Department of Astronomy Center for Radiophysics & Space Research

Jim Geach, McGill University

16Thursday, Feb. 16
4:00 PM
SSB 105

The Cosmic Evolution of the Molecular Gas Content of Galaxies and Prospects for Future Molecular Gas Surveys

Despite the great progress made in the field of galaxy evolution over the past 30 years, we lack a comprehensive empirical understanding of the evolution of the molecular gas content of galaxies. This is a fundamental piece of the galaxy evolution puzzle, since it is the consumption/replenishment of molecular fuel that underpins the growth of galaxies. Until recently, routine detection of cold gas in "normal" galaxies beyond the local Universe has been extremely challenging. However, thanks to improvements in mm/cm instrumentation, in just the past two years the "parameter space" of extragalactic gas studies has expanded dramatically. I will present a first glimpse of the evolution of the molecular gas fraction of "normal" star-forming galaxies over 10 billion years of cosmic history, and discuss the rich astrophysics encoded within this observable.

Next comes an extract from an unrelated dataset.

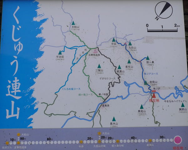 牧ノ戸峠--30min--沓掛山--40min--扇ケ鼻岔路--20min--久住山岔路--20min--久住山頂--20min--久住山岔路--20min--中岳
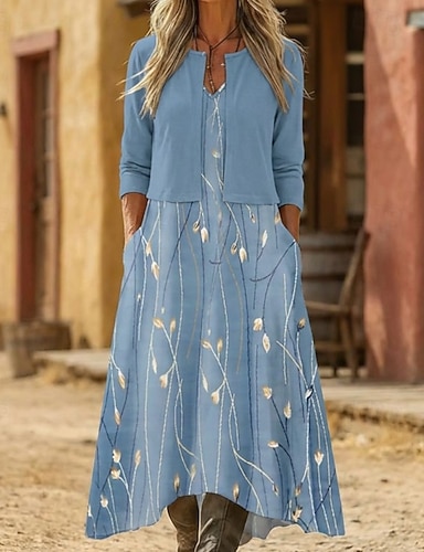 Mulheres Vestido Longo Vestido Maxi Vestido casual Vestido estampado Vintage Moda Diário Encontro Final de semana Normal Flor Manga Longa Gola Redonda Azul Cinzento Escuro Primavera Outono

Finally, I describe a new model for the evolution of the space density of molecular gas reservoirs in the Universe, and the prospects for ambitious blind (and semi-blind) molecular line redshift surveys of galaxies right back to the era of re-ionization, utilizing current and future sensitive sub-mm/mm/cm/radio facilities such as ALMA, EVLA, CCAT, SKA and its pathfinders.